FIG. 3 illustrates a method 300 of operating a server node according to some embodiments. The server node implements a Lightweight Machine-to-Machine, LwM2M protocol. At step 304, sensor data 712 is obtained, the sensor data comprising values of a metric 712a . . . 712g measured in an environment 510 by a client node 1212a . . . 1212d implementing the LWM2M protocol. The metric 712a . . . 712g may comprise, for example, a physical parameter, such as temperature or humidity. The metric may also comprise other types of parameters, such as air quality, pressure, and many others.
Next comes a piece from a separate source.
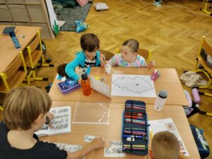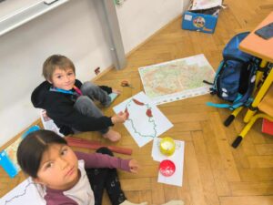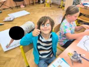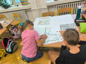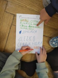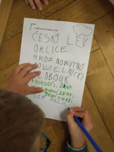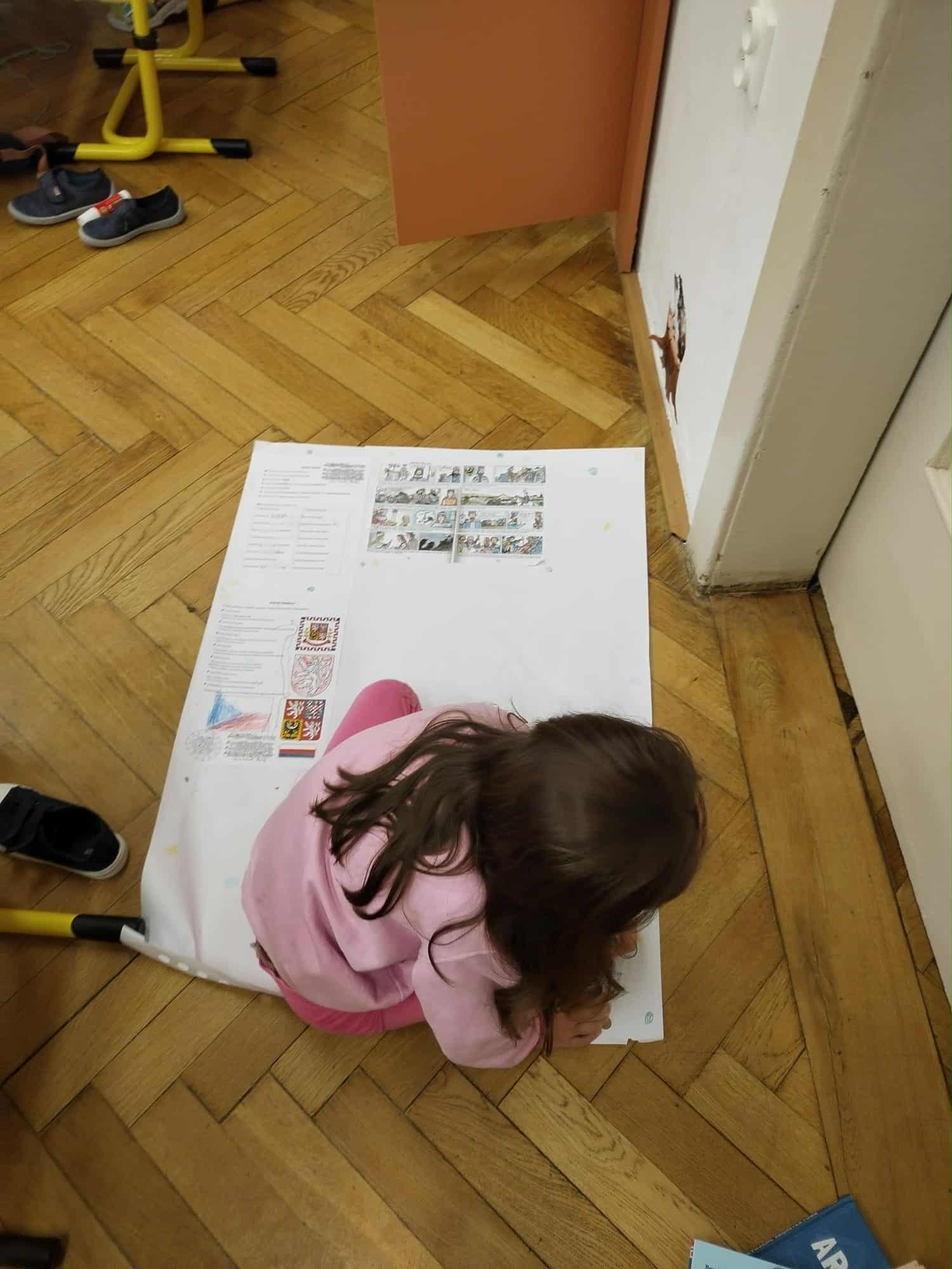 V „rohové“ aktivitě jsme pak zkoumali čtyři oblasti – symboly, osobnosti, historii a mapu Česka. Děti zkoušely poznat slavné Čechy ve hře Hádej, kdo jsem a zazpívaly si českou hymnu. 🎶

The metric may also comprise a configurable parameter of a system, such as a setpoint of a fan speed and the like.

The environment 1210 may comprise a dynamic system 1210, wherein the dynamic system 1210 comprises one or more sensors or actuators operating in a communications network. The dynamic system 1210 may comprise, for example, a data centre for storing, management, and processing large amounts of data. The dynamic system may also comprise, for example, a communications network.

The obtained sensor data further comprises a metric identifier 1002a. The metric identifier 1002a may uniquely identify the metric 712a . . . 712g and may be a number, for example a number “3304” as illustrated by reference numeral 1002a on FIG. 10. At step 306, a controllability parameter value 1004a is determined based on the metric identifier, the controllability parameter value representing an extent of controllability of the metric 712a . . . 712g by a reinforcement learning agent operating on the environment. In particular, the controllability parameter values may be selected from a group comprising four categories. A first category 406C may indicate that the associated metric is indirectly controllable by the reinforcement learning agent. The metric of the first category 406C may comprise, for example, e.g. a temperature of certain zones or a total power consumption. A second category 406A may indicate that the associated metric is not controllable by the reinforcement learning agent. The metric of the second category 406A may comprise, for example, a day of a year when the data was logged, or outside temperature. The second category represents outside factors, which are given to the agent and which are uncontrollable by the agent. A third category 406B may indicate that the associated metric is directly controllable by the reinforcement learning agent. The metric of the third category may comprise, for example, a fan speed or other setpoints. The third category represents parameters which the agent can directly control through its decisions. An agent may be configured to only take actions that are within the ranges of the highest and lowest recorded parameter settings so as to avoid going out of the bounds of the data and into unexplored ranges of the simulation environment. A fourth category 406D may indicate that the values of the associated metric are measured at a first time instance t−1, wherein the first time instance t−1 is preceding a second time instance t at which values of the metric associated with the first category were measured.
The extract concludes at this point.